I was fortunate enough to grow up in a household where I saw my Mom balancing her checkbook at the end of each month.
Agonizing as she attempted to find that penny that threw off her balance. Although checkbook balancing is a thing of the past for many Americans we still do not fare well when it comes to understanding key financial topics, most people unfortunately fall short. When you get a tax refund, the Internal Revenue Service (IRS) is sending you back money you worked hard to earn over the year. The average tax refund for 2018 in the State of Maryland (combined Federal/State) is $2,771.
If you are fortunate enough to be one of the millions of people to receive a refund the influx of cash can provide a great opportunity to improve your financial situation. Not everyone receives a tax refund. Seventy-one percent of tax filers receive a tax refund, so shy away from blowing the money on something you won’t remember by the time next year’s tax season comes around. Take the money and turn it into an investment in your financial success that will put you and your family on the path to financial freedom. Here are five things to consider when receiving that influx of cash.
Start an Emergency Fund.
Without an emergency fund we are all just one surprise major expense away from debt spiral toward financial disaster. Many experts say that your fund should contain 6-9 months’ worth of savings in an easily accessible interest-bearing account such as online savings or money market account. Rather than taking months or years to fund such account by having small amounts come out of each paycheck the idea of one larger lump sum along with the weekly or biweekly (depending on how you receive your paycheck) deposits can put you on the path to funding your account sooner rather than later.

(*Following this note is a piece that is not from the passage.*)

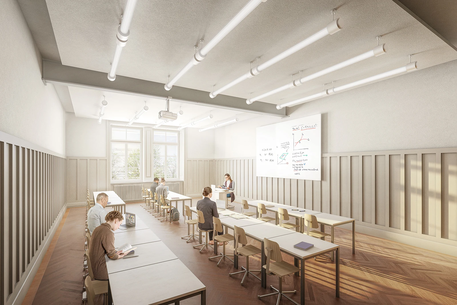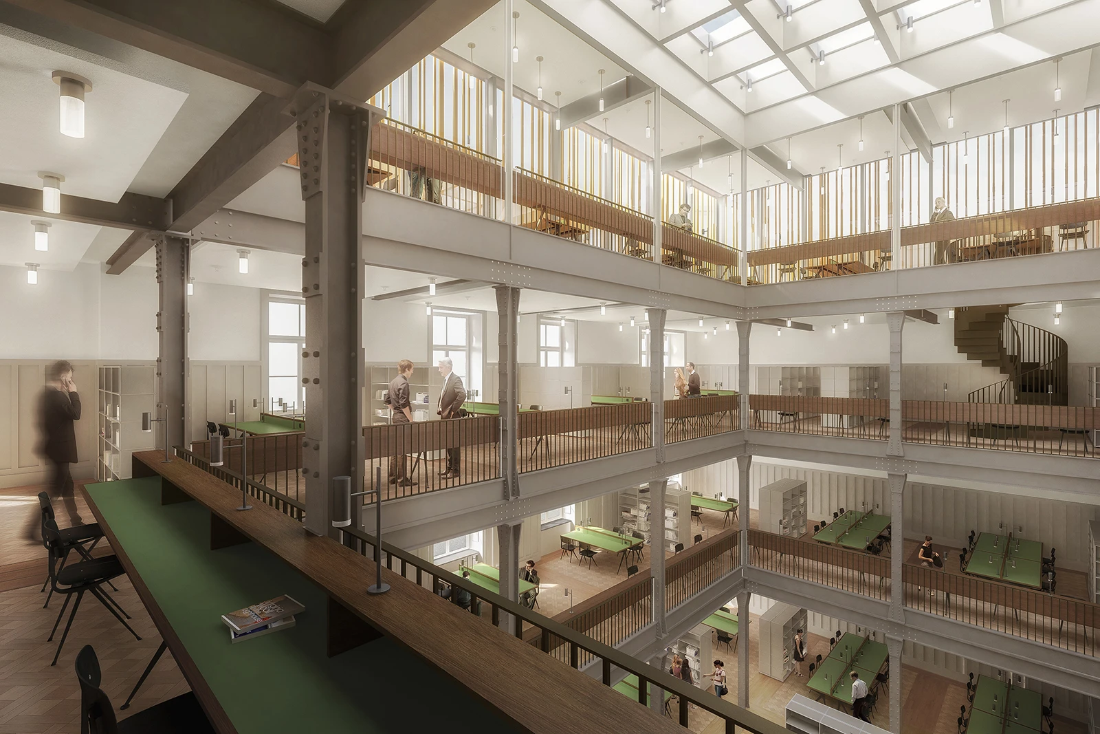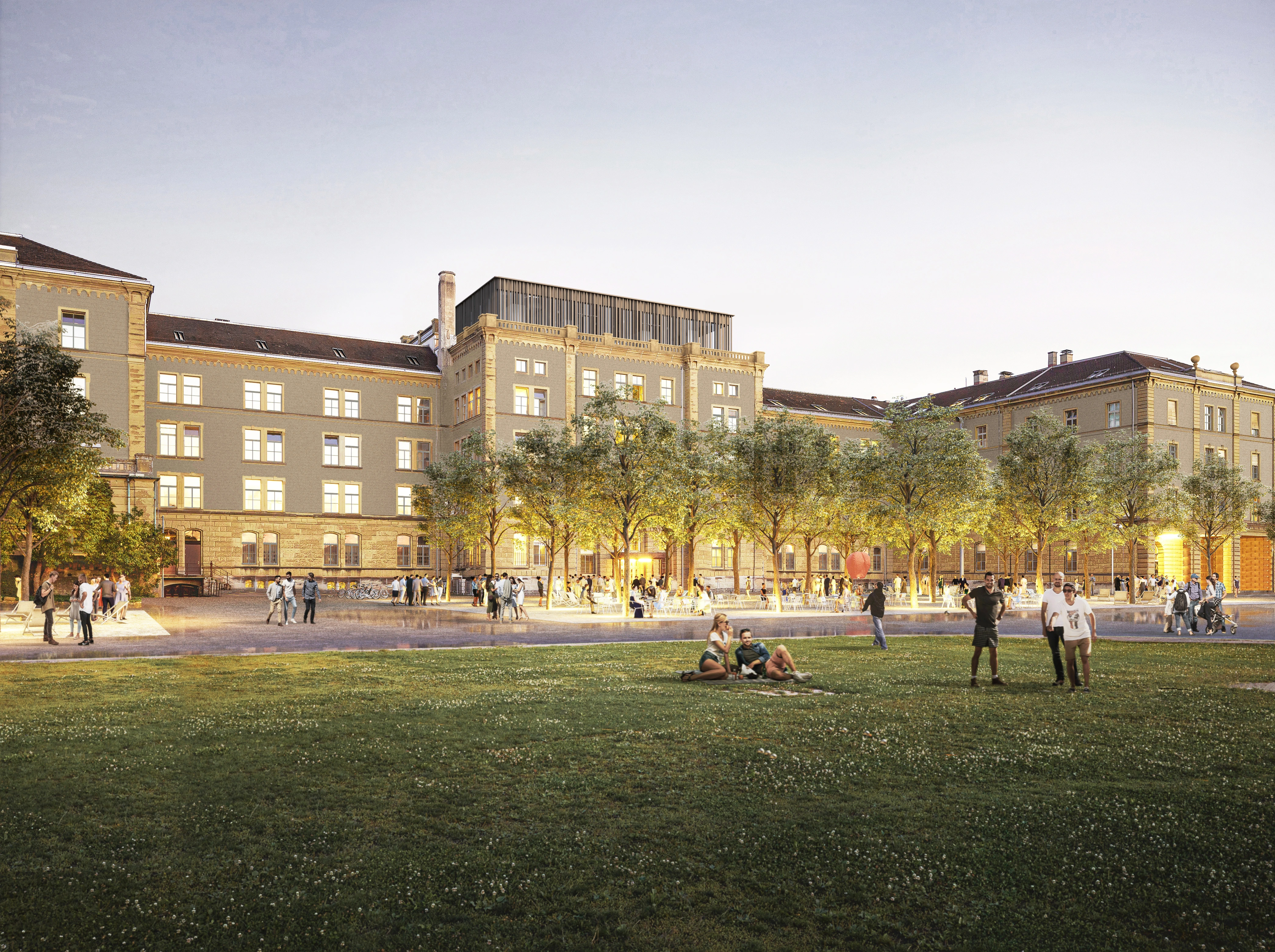On the exterior, the riveted, profiled iron props of the original steel structure are stripped down to reveal their structural purity. The surrounding environment offers open spaces, including the former parade ground which is situated between the barracks and the green. The area is populated by a central copse of trees in order to provide a shady gathering space for the future school, forming a spatial conclusion towards the green.

Pay Off High Interest Debt.
The next best thing to do after establishing an emergency fund is to take that tax return and eliminate high interest debt that many of us carry. The compound interest that we pay on the monthly balance all but guarantees that this issue will be around for future tax seasons if you don’t do something about it now. Put your refund to work by starting or working with a professional to create a debt reduction plan paying off credit cards and debt consolidation/personal loans.

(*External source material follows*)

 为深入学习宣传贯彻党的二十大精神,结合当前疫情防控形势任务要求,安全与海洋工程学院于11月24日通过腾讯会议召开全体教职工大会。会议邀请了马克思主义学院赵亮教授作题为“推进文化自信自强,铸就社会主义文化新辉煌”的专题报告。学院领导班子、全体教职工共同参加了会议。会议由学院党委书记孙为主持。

Invest in Your Retirement.
The chances are good that you probably didn’t maximize your tax-advantaged retirement accounts in 2017. Contributing to a 401(k), 403(b), Thrift Savings Plan or an IRA is a great way both get a tax break for 2018 and set yourself up for more secure retirement. If you invested an average of $2,771 refund this year in a tax-advantaged retirement account earning 8% returns, you would have almost $30,000 in 30 years. If you invested your tax return every year over the next 30 years, you would have more than $313,000 of course assuming you received close to the same $2,771 refund between now and retirement.